■ Task item
Without including any pictures, retype exactly the lines from the top of the records through the line containing "丰望乡磨上咀是整体搬迁村,搬", that final line included.

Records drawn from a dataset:
++++++++++++++++++++
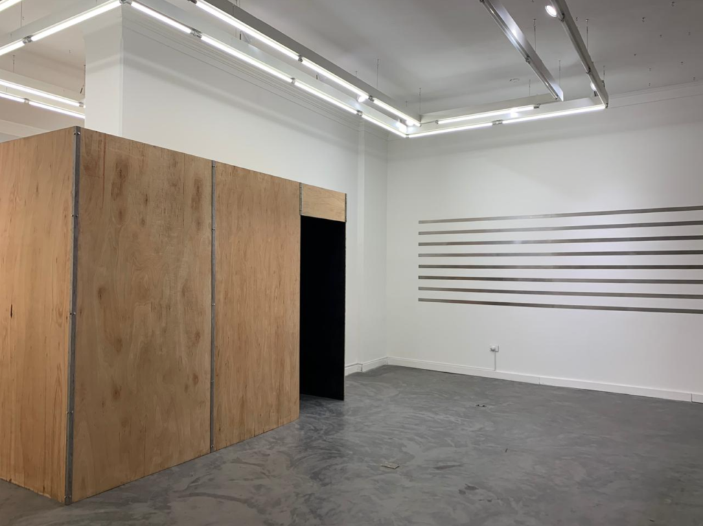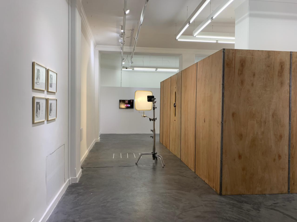La propuesta consiste en una instalación interactiva de gran formato de una cámara oscura donde el proceso de creación de una imagen es llevado a cabo “en tiempo real” por la propia artista en interacción con los visitantes. La acción propone que los participantes se enfrenten al mecanismo, lo recorran y puedan atravesarlo, proyectando(se) en el espacio de la imagen y vivir una experiencia social de cualidades escultóricas. La cámara deviene entonces un contrato abierto, simultáneamente tácito y explícito, que los visitantes firman al colaborar. El resultado es una obra de arte, un retrato fotográfico, una impresión del propio pasaje de cada persona que visita la obra o la feria “en tiempo real”. Junto a la instalación, la propuesta se enriquece con una creciente colección de las imágenes resultantes, mientras que el otro lado presenta un monitor que sigue en tiempo real todo lo que sucede dentro del amplio recinto.
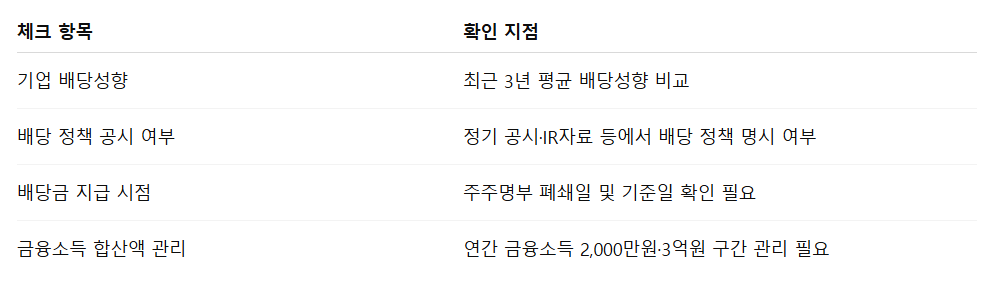 2025년 이후 배당투자 전략에서 확인해야 할 요소는 다음과 같습니다.
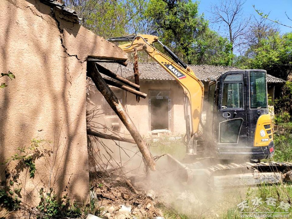 丰望乡磨上咀是整体搬迁村,搬迁以后,老村的危旧房成为村两委班子的一块心病,危旧房即影响人居环境,还存在安全隐患,为了彻底拆除危房,磨上咀按照乡党委、政府的要求,对危旧房进行了再次排摸,把危旧房拆除按照户数包户到人,但老屋存有太多的生活记忆,村民们一直不舍拆除。为了顺利拆除危旧房,磨上咀两委班子成员、驻村帮扶工作队逐户进行政策宣传,经过不厌其烦的宣传动员,磨上咀搬迁户全部同意拆除危旧房,并对宅基地进行复垦复绿,不断美化和提升农村人居环境。在磨上咀村,记者看到拆除危旧房的挖掘机正在热火朝天的拆除老屋,而且对已经拆除完的正在进行平整栽树植绿。
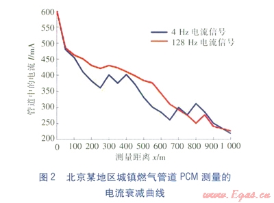 下面以北京某地區(qū)的燃?xì)夤艿罏槔M(jìn)行分析。該段管道全長(zhǎng)約1000m,防腐層的類型為石油瀝青,管道規(guī)格為DNl50mm。該管段所處環(huán)境比較復(fù)雜,有小區(qū)、道路等,受干擾較為嚴(yán)重。PCM檢測(cè)時(shí),信號(hào)發(fā)射機(jī)發(fā)射的電流為600mA,信號(hào)類型為ELCD。在對(duì)防腐層進(jìn)行檢測(cè)時(shí),分別選擇了4Hz電流信號(hào)和128Hz電流信號(hào)的檢測(cè)結(jié)果進(jìn)行比對(duì),該段管道PCM測(cè)量的電流衰減曲線見圖2。
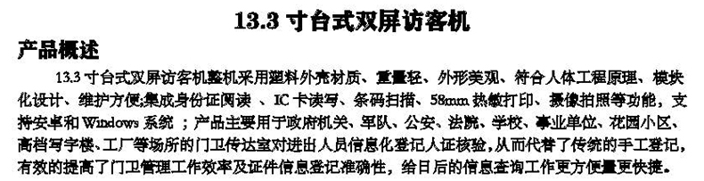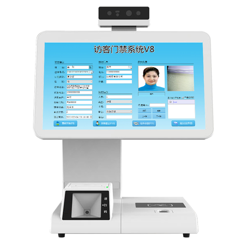 13.3寸臺式雙屏訪客機整機采用塑料外殼材質(zhì)、重量輕、外形美觀、符合人體工程原理、模塊化設(shè)計、維護方便;集成身份證閱讀 、IC卡讀寫、條碼掃描、58mm熱敏打印、攝像拍照等功能,支持安卓和Windows系統(tǒng) ;產(chǎn)品主要用于政府機關(guān)、軍隊、公安、法院、學校、事業(yè)單位、花園小區(qū)、高檔寫字樓、工廠等場所的門衛(wèi)傳達室對進出人員信息化登記人證核驗,從而代替了傳統(tǒng)的手工登記,有效的提高了門衛(wèi)管理工作效率及證件信息登記準確性,給日后的信息查詢工作更方便量更快捷。
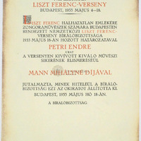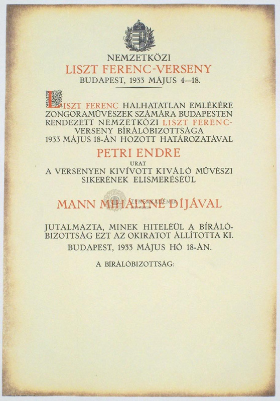 Díszoklevél a Mann Mihályné-díjjal jutalmazott Petri Endre részére az 1933-as Nemzetközi Liszt Zongoraversenyről.
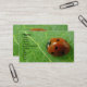 Diese niedliche Gärtnerkarte zeigt ein nahes Foto eines britischen 7-Spot-Ladybird, der auf einem Blatt sitzt. Das Foto wurde direkt über dem Ladybug mit Makrofotografie aufgenommen, was zu einem so detaillierten Bild führte, dass man alle Adern auf dem Blatt sehen kann, auf dem der Ladybug sitzt. Das Foto ist auf der Vorderseite der Visitenkarte, begleitet von anpassbarem schwarzen Text. Auf der Rückseite der Visitenkarte befindet sich eine erweiterte Version des Fotos. Diese Visitenkarte wurde für Gärtner konzipiert, ist aber auch für andere Unternehmen geeignet.
++++++++++++++++++++
■ Result of the exercise
La propuesta consiste en una instalación interactiva de gran formato de una cámara oscura donde el proceso de creación de una imagen es llevado a cabo “en tiempo real” por la propia artista en interacción con los visitantes. La acción propone que los participantes se enfrenten al mecanismo, lo recorran y puedan atravesarlo, proyectando(se) en el espacio de la imagen y vivir una experiencia social de cualidades escultóricas. La cámara deviene entonces un contrato abierto, simultáneamente tácito y explícito, que los visitantes firman al colaborar. El resultado es una obra de arte, un retrato fotográfico, una impresión del propio pasaje de cada persona que visita la obra o la feria “en tiempo real”. Junto a la instalación, la propuesta se enriquece con una creciente colección de las imágenes resultantes, mientras que el otro lado presenta un monitor que sigue en tiempo real todo lo que sucede dentro del amplio recinto.
 2025년 이후 배당투자 전략에서 확인해야 할 요소는 다음과 같습니다.
 丰望乡磨上咀是整体搬迁村,搬迁以后,老村的危旧房成为村两委班子的一块心病,危旧房即影响人居环境,还存在安全隐患,为了彻底拆除危房,磨上咀按照乡党委、政府的要求,对危旧房进行了再次排摸,把危旧房拆除按照户数包户到人,但老屋存有太多的生活记忆,村民们一直不舍拆除。为了顺利拆除危旧房,磨上咀两委班子成员、驻村帮扶工作队逐户进行政策宣传,经过不厌其烦的宣传动员,磨上咀搬迁户全部同意拆除危旧房,并对宅基地进行复垦复绿,不断美化和提升农村人居环境。在磨上咀村,记者看到拆除危旧房的挖掘机正在热火朝天的拆除老屋,而且对已经拆除完的正在进行平整栽树植绿。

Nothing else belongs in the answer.